About The Event
SYNOPSIS
Noor is a neutodivergent young man who lives closely intertwined with his father, a contemporary dancer. Together they navigate daily routines, memories, anxieties, humour and the small rituals that shape their world.
As Noor grows older, his father begins preparing him for a future where he may have to live independently. While Noor grapples with the absence of his mother and a world that often struggles to understand him, he slowly begins to confront questions of identity, adulthood and letting go.
At the same time, the father, increasingly aware of his own mortality, is haunted by one question: what will happen to his son after he is gone?
Moving fluidly between memory and the present, Dancing With Dad follows the evolving relationship between father and son through theatre, movement, live music and projection, unfolding through Noor's perspective.
DIRECTOR'S NOTE by Maneesh Verma
Dancing With Dad emerged from a desire to explore a relationship that could not be articulated through words alone - a father and son navigating love, dependence, memory and change through movement, sound and silence.

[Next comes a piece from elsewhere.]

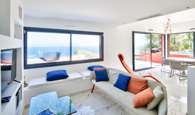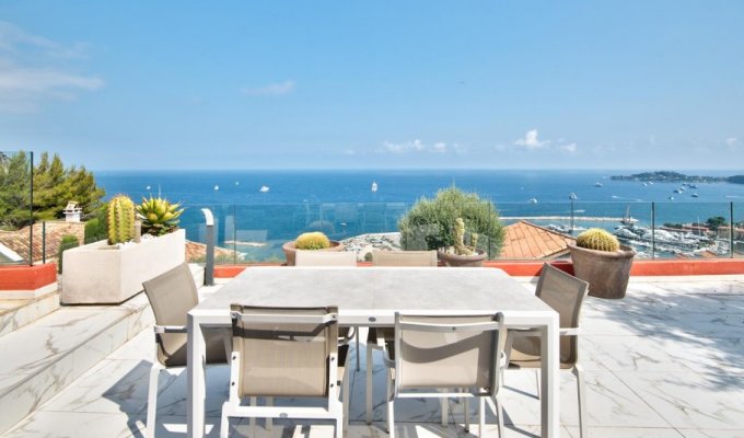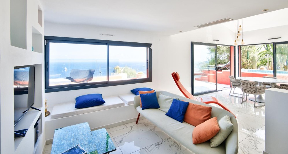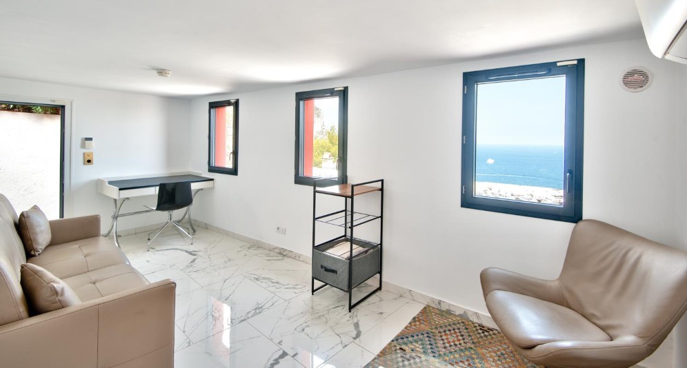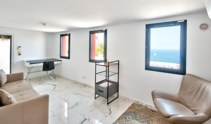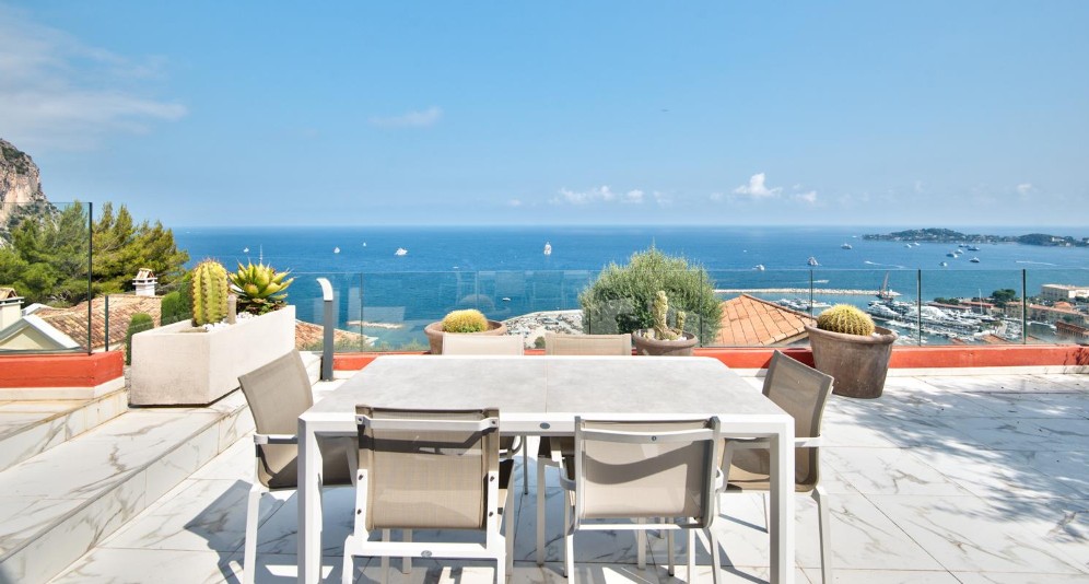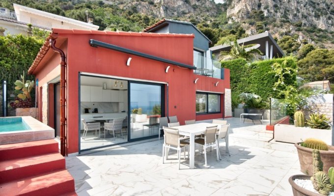 LOCATION SAISONNIÈRE – à Beaulieu-sur-Mer. Villa moderne avec vue mer panoramique dans un quartier résidentiel en hauteur, cette villa contemporaine récente d'environ 110 m² offre une vue spectaculaire sur la baie, dans un cadre calme et privilégié.Elle se compose d'un séjour lumineux avec cuisine ouverte, ouvrant sur une grande terrasse ensoleillée et une piscine (env. 5 m x 2,4 m). Deux chambres avec salles de douche, dont une suite parentale à l'étage avec terrasse et vue mer. En rez-de-jardin, une troisième chambre indépendante avec salle d'eau. Buanderie en sous-sol.

Rather than approaching the work through realism, I was interested in creating a sensory and emotional world that moves fluidly between memory, imagination and lived experience. The process became less about representing Noor from the outside and more about attempting to enter his rhythm, his logic and the way he experiences connection, rhythm, repetition and sensory detail.
The multidisciplinary form emerged organically from this search. Theatre alone did not feel enough. Movement, live music and projection became essential languages within the performance - not decorative elements, but extensions of Noor's inner world. The challenge was to create a piece that could hold vulnerability, humour and emotional complexity without reducing the characters to symbols or explanations.
At its heart, Dancing With Dad explores the quiet fear that exists within love - the fear of absence, of letting go, and of preparing someone you care for to continue without you. Ultimately, the work invites audiences to inhabit Noor's world rather than observe it from a distance.